**AVAILABLE DATA:**
----
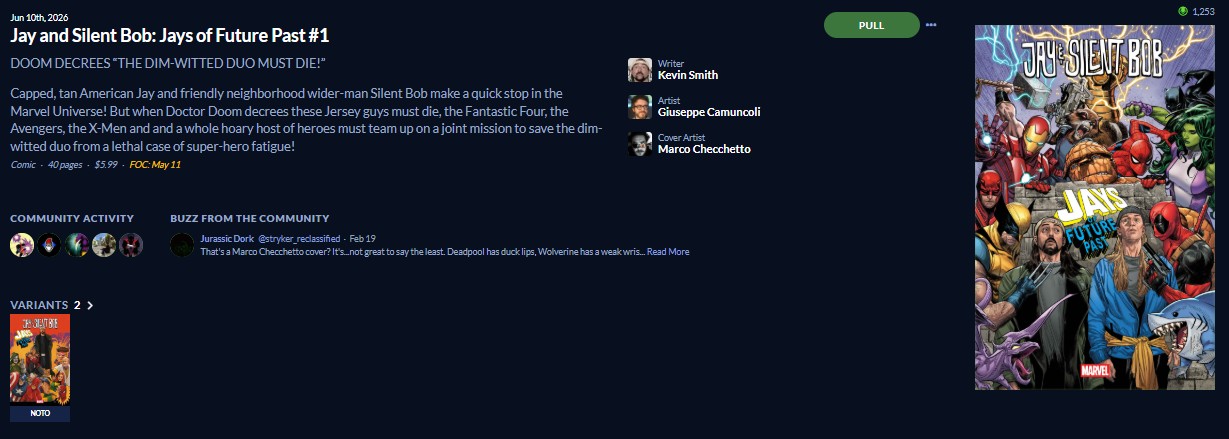 Lockheed is on the main cover of Jay and Silent Bob : Jays of Future Past 1, so that’s the cover I’m getting. Shame he isn’t on the Noto cover.
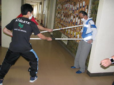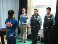 学校に不審者が侵入したという想定で、本校職員が不審者対応の仕方やさすまたの使い方の指導を受けました。さすまたも使い方次第では逆に先生方が危険になります。学校の精鋭男子教員チームは、持ち方、構え方、ねらいの定め方、立ち位置など詳しく具体的に指導を受け、万が一の事態に的確に対応できるよう、訓練しました。児童は、今回は各教室を施錠し、教室内で一カ所に集まり、息を潜めて存在を消したり、教室の窓に目隠しをして、児童の姿が見えないようにしたり、出入り口に机、椅子を積んでバリケードにしたりしながら、教室に籠城する作戦で訓練しました。
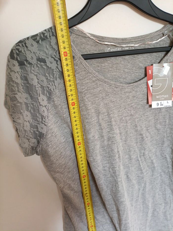 (E) T-shirt gris neuf gémo – Taille L mais convient plus petit aussi suivant effet désiré, S/M sans soucis T-shirt neuf avec étiquette, gris chiné avec manches en dentelle. Coupe droite simple. #gris #basique #dentelle #tshirt #neuf
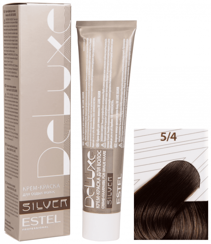 - Реквизиты - Крем-краска для седых волос Estel DELUXE SILVER 60 мл медный, шатен 5|4 светлый шатен медный
----
**WORK TASK:**
Repeat the material exactly, without images.

**SOLVED PROBLEM:**
 Lockheed is on the main cover of Jay and Silent Bob : Jays of Future Past 1, so that’s the cover I’m getting. Shame he isn’t on the Noto cover.
 学校に不審者が侵入したという想定で、本校職員が不審者対応の仕方やさすまたの使い方の指導を受けました。さすまたも使い方次第では逆に先生方が危険になります。学校の精鋭男子教員チームは、持ち方、構え方、ねらいの定め方、立ち位置など詳しく具体的に指導を受け、万が一の事態に的確に対応できるよう、訓練しました。児童は、今回は各教室を施錠し、教室内で一カ所に集まり、息を潜めて存在を消したり、教室の窓に目隠しをして、児童の姿が見えないようにしたり、出入り口に机、椅子を積んでバリケードにしたりしながら、教室に籠城する作戦で訓練しました。
 (E) T-shirt gris neuf gémo – Taille L mais convient plus petit aussi suivant effet désiré, S/M sans soucis T-shirt neuf avec étiquette, gris chiné avec manches en dentelle. Coupe droite simple. #gris #basique #dentelle #tshirt #neuf
 - Реквизиты - Крем-краска для седых волос Estel DELUXE SILVER 60 мл медный, шатен 5|4 светлый шатен медный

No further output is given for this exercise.